An expression for droplet deformation simplifies calculations for a wide range of applications
A simple formula that describes the initial deformation of a droplet as it hits a solid surface is likely to help to model droplet behavior in a variety of different contexts, shows new research by A*STAR.
"Understanding droplet deformation and spreading during impact can inform the development of better surfaces (by changing the surface properties) or better droplets (by changing the liquid composition)," explains Rogerio Manica from the A*STAR Institute of High Performance Computing in Singapore. "In some applications, the goal is to fully wet a surface, whereas in others we want drops to bounce off a surface."

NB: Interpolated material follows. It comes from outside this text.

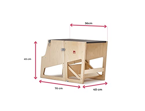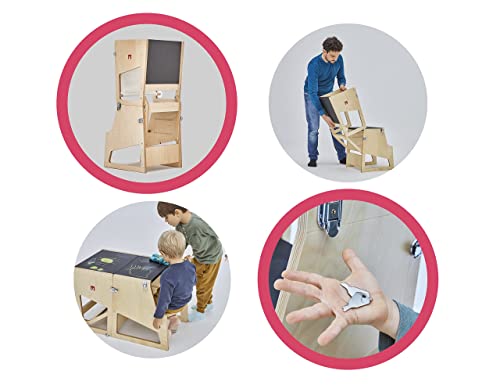 VERSALITÀ SENZA PARAGONI: La nostra Learning Tower Montessori è la soluzione ideale per sostenere il bambino in diverse attività. Grazie alla sua progettazione intelligente, può essere trasformata in tavolino, pedana o scrivania, adattandosi perfettamente alle esigenze in continua evoluzione del tuo piccolo. La possibilità di configurare la torre in diverse modalità offre ai bambini molteplici opportunità di gioco, esplorazione e apprendimento, stimolando la loro creatività e curiosità.
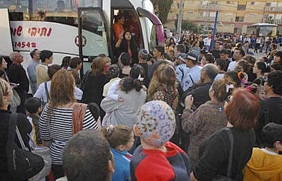 Gaydamak's spokesman said places on the buses will be found for all the people wishing to go. "Everyone here will go to Eilat. No one will stay here. There are already 17 buses arriving now that will pick the people up, and we assume that in the next hours everybody will be out of here."

How liquid droplets deform and spread as they strike a solid surface is important for applications as diverse as inkjet printing, painting and agriculture. For example, understanding drop impact phenomena is critical to optimizing the application of fertilizers and pesticides to crops.
While previous studies had developed models for describing how a drop interacts with a surface, these models are complex and applicable to only a narrow range of situations.
Now Manica, with colleagues Evert Klaseboer and Derek Chan, have addressed this problem by deriving a simple, physically meaningful formula that fits with a wide range of experimental systems.
"While previous theories were cumbersome and required a great deal of justification," says Manica, "we have developed a simpler model that is easy to derive and gives values that are in excellent agreement with available experimental data."
The researchers developed the formula by considering the pressure that builds up in the air layer trapped between a falling drop and a surface during the initial stages of impact. This air layer results from competition between capillary, inertial and, to a lesser extent, gravitational forces. The model considers the relationship between three parameters: drop size, impact velocity and surface tension. It essentially involves adding a term for the stagnation pressure based on the well-known Bernoulli equation of fluid dynamics.
The equation predicts two regimes for the initial deformation of a droplet: a low-drop-velocity regime in which capillary forces dominate and a high-drop-velocity regime where inertial forces dominate; gravitational forces are insignificant for drops that are a few millimeters in size.
In the future, the team intends to extend their model. "Our goal is to develop the theory further to look not only at how droplets deform," says Manica, "but also at how droplets spread under conditions that are more relevant for applications, such as the spreading of insecticides."